• _Supplied material_:
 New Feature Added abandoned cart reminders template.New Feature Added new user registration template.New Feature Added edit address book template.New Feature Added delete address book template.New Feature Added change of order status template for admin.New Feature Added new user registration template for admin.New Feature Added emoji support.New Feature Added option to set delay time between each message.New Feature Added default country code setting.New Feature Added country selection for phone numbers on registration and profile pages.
--
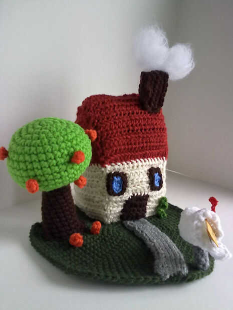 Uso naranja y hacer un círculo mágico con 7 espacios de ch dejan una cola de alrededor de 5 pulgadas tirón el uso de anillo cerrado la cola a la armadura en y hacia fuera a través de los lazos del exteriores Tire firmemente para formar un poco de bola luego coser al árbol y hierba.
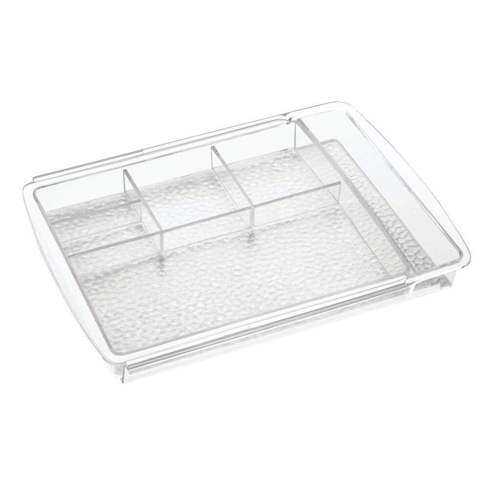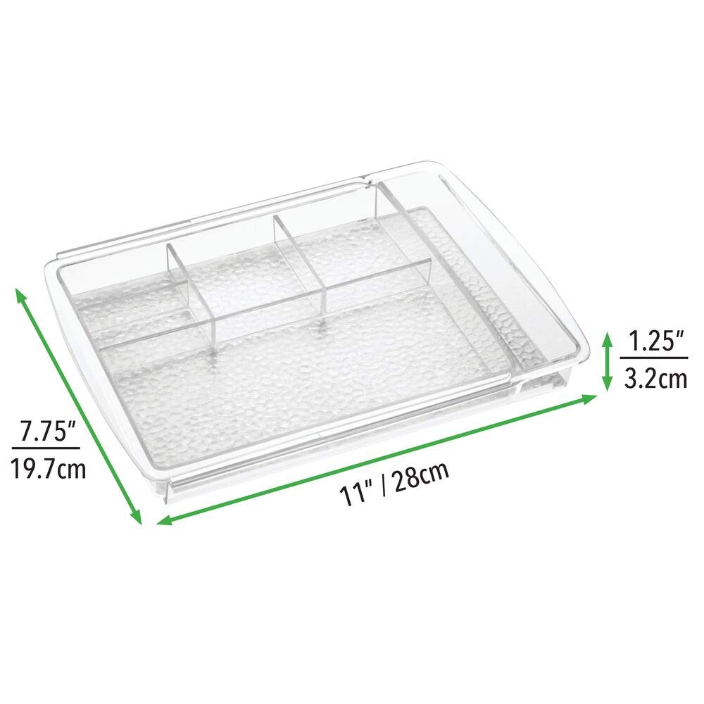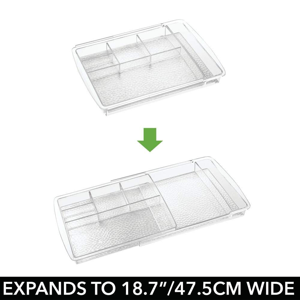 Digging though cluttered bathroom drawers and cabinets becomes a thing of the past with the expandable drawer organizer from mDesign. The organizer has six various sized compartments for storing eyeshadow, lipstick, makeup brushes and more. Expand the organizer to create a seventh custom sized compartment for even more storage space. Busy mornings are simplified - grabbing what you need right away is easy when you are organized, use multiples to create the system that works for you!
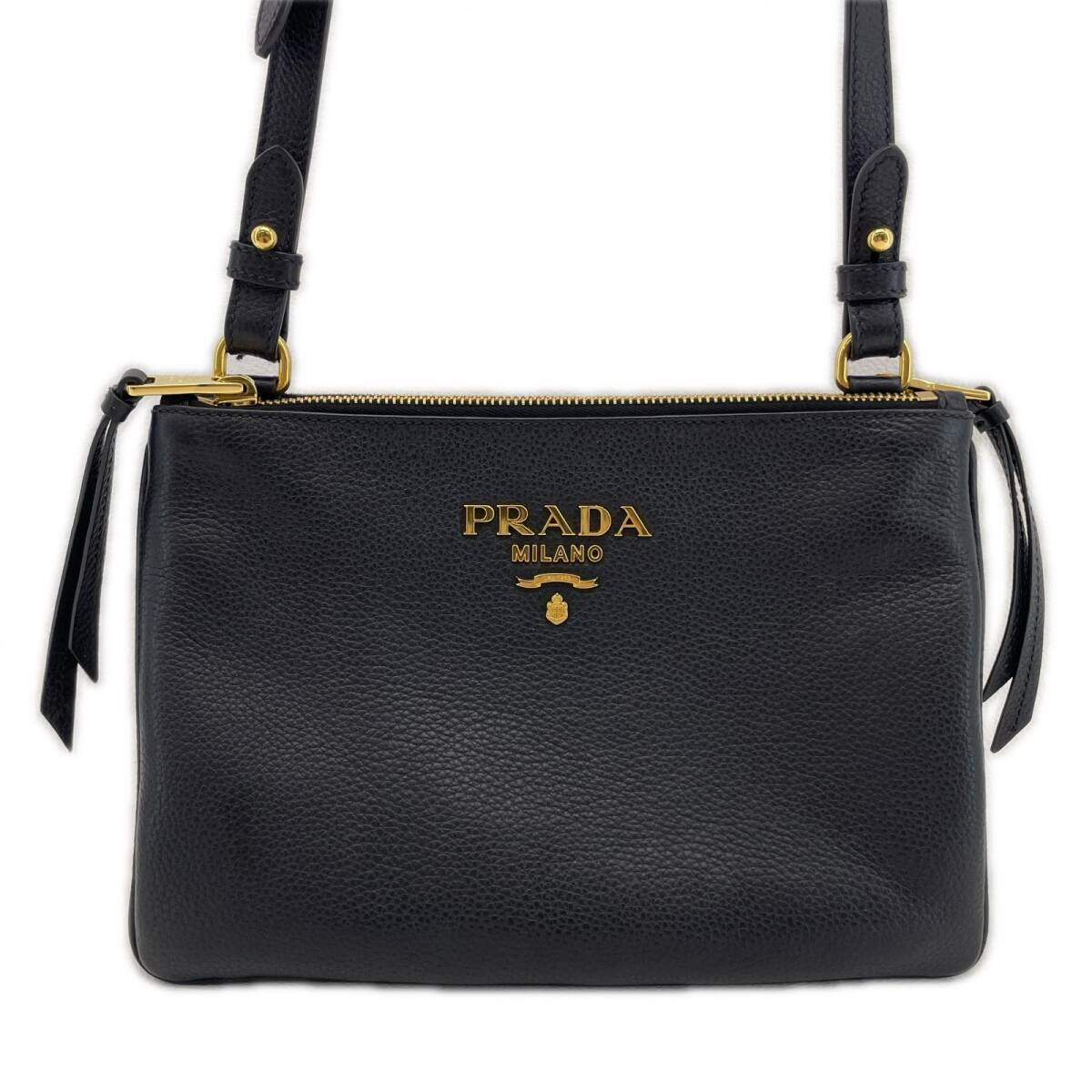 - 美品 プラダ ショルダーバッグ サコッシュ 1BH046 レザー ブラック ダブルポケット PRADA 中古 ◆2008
==
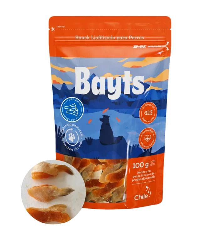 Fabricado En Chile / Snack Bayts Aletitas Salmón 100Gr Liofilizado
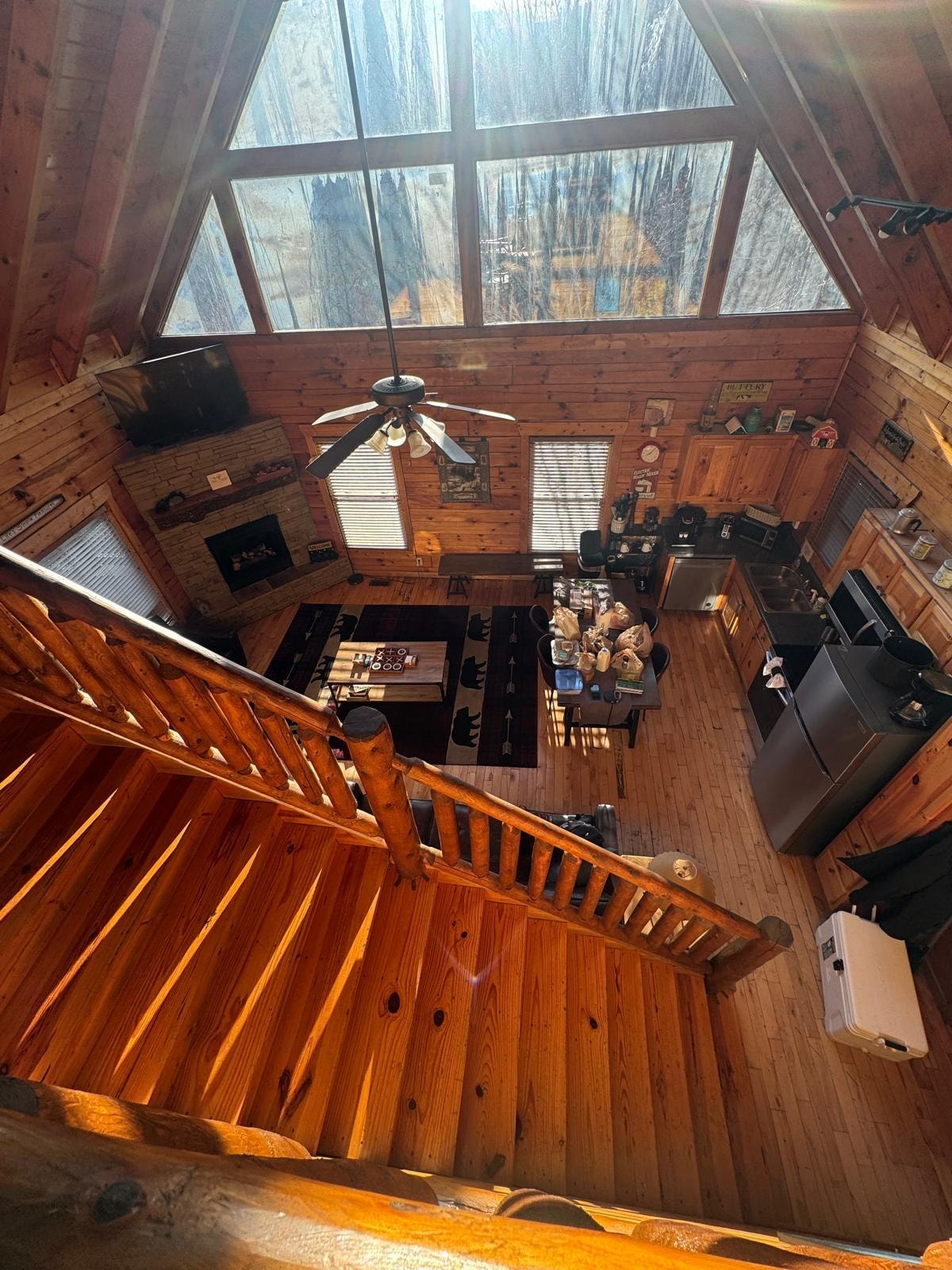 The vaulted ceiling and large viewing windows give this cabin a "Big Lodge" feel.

• _The problem_: Would you print exactly the lines in the listing above, from the line bearing "Fabricado En Chile" through the line bearing "The vaulted ceiling", leaving out all pictures?

• _Answer for this exercise_:
 Fabricado En Chile / Snack Bayts Aletitas Salmón 100Gr Liofilizado
 The vaulted ceiling and large viewing windows give this cabin a "Big Lodge" feel.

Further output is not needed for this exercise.